Interference with Printed Lines on the PCB
It is preferable to keep a big distance (quarter wavelength) between the antenna and high-speed digital lines. Those lines would act as antennas and would couple negatively the radiated RF power at a certain frequency, related to its equivalent quarter wavelength. Though it is possible to decouple those lines in order to reduce the coupling generated by using some inductors, which value varies between 80-150 nH, it is safer to keep those lines away.
Similarly, the DC lines feeding some motors, acoustic components like microphones, earpiece, speakers, vibrators can be dramatically impacting the RF performance of the antenna. Those lines can be decoupled up to a certain point with inductors placed on each line.
Impact from Materials
Any material surrounding the antenna with a permittivity (loosely called Dielectric constant, Dk, Loss tangent) different from 1 (air permittivity is 1, water is 80) will affect the antenna tuning. Other parameters such as the distance from those materials to the antenna and the amount will play a role in defining the equivalent effective permittivity surrounding the antenna. Any plastic resins, epoxy resins, potting materials, laminated structures will all have non-neglect-able RF losses applied to the radiation of the antenna.
Antenna Feed Line Design
An often taken for the granted parameter is the design of the transition between the output of the radio and the input of the antenna feed. That transition must present the proper expected impedance (often 50 Oms) in order to optimize the reflection coefficient at the antenna input level. In the event that the design requires a Z0 characteristics impedance, it is possible to ask the lamination manufacturer to add TDR coupons on its laminated panel to detect the lines that are off by more than +/- 10% compared to the expected value.

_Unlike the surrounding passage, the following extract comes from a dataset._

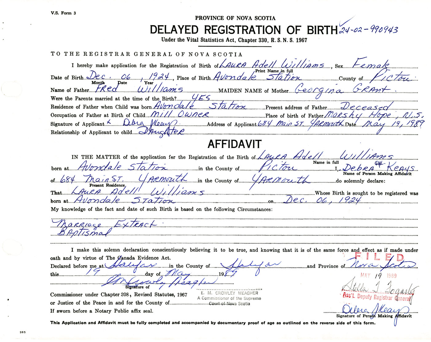 IN THE MATTER of the application for the Registration of the Birth of Laura AdellWilliams

To ensure that the impedance of the antenna will match the output impedance of the radio, it is a good practice to always add one PI shape matching circuit footprint (3 components, SHUNT-SERIAL-SHUNT) that can be used to define the matching circuit that will maximize the power transfer to the antenna. If the PI shape matching circuit is not used, then a 0 Ohm resistor is can be soldered on the SERIAL component footprint and the SHUNT components footprint can be left OPEN.
Matching Network Recommendations
When Selecting the components for the Matching circuit, filtering or decoupling, it is mandatory that the SRF (Self Resonance Frequency) of the chosen components are compatible with the frequency of the radio signal. SRF depends of the components size, packaging and manufacturing technology. We recommend using the Accu-P® and Accu-L® thin films Capacitors and Inductors in order to get the most precise matching circuit.
During the design of the PCB, it is a good practice to consider the possibility of soldering a semi-rigid RF Cable to check the output of the RF radio or Antenna Impedance (for the debugging phase). To do that a non-assembled, three components T shape circuit SERIAL-SHUNT-SERIAL located before the antenna PI matching circuit (so the Matching circuit will be on the antenna and the soldered cable) is useful. The RF cable can be soldered on the SHUNT component footprint of the T-SHAPE and a 0 Ohm can be used to select the RF path either towards the radio or towards the antenna matching circuit.
Real Case Tuning Conditions
When designing an antenna for Wearable product or for a product that will be used in a very specific condition, always tune the antenna for these real user cases (when the device is worn or in the specific position) instead of tuning the antenna in Free Space conditions.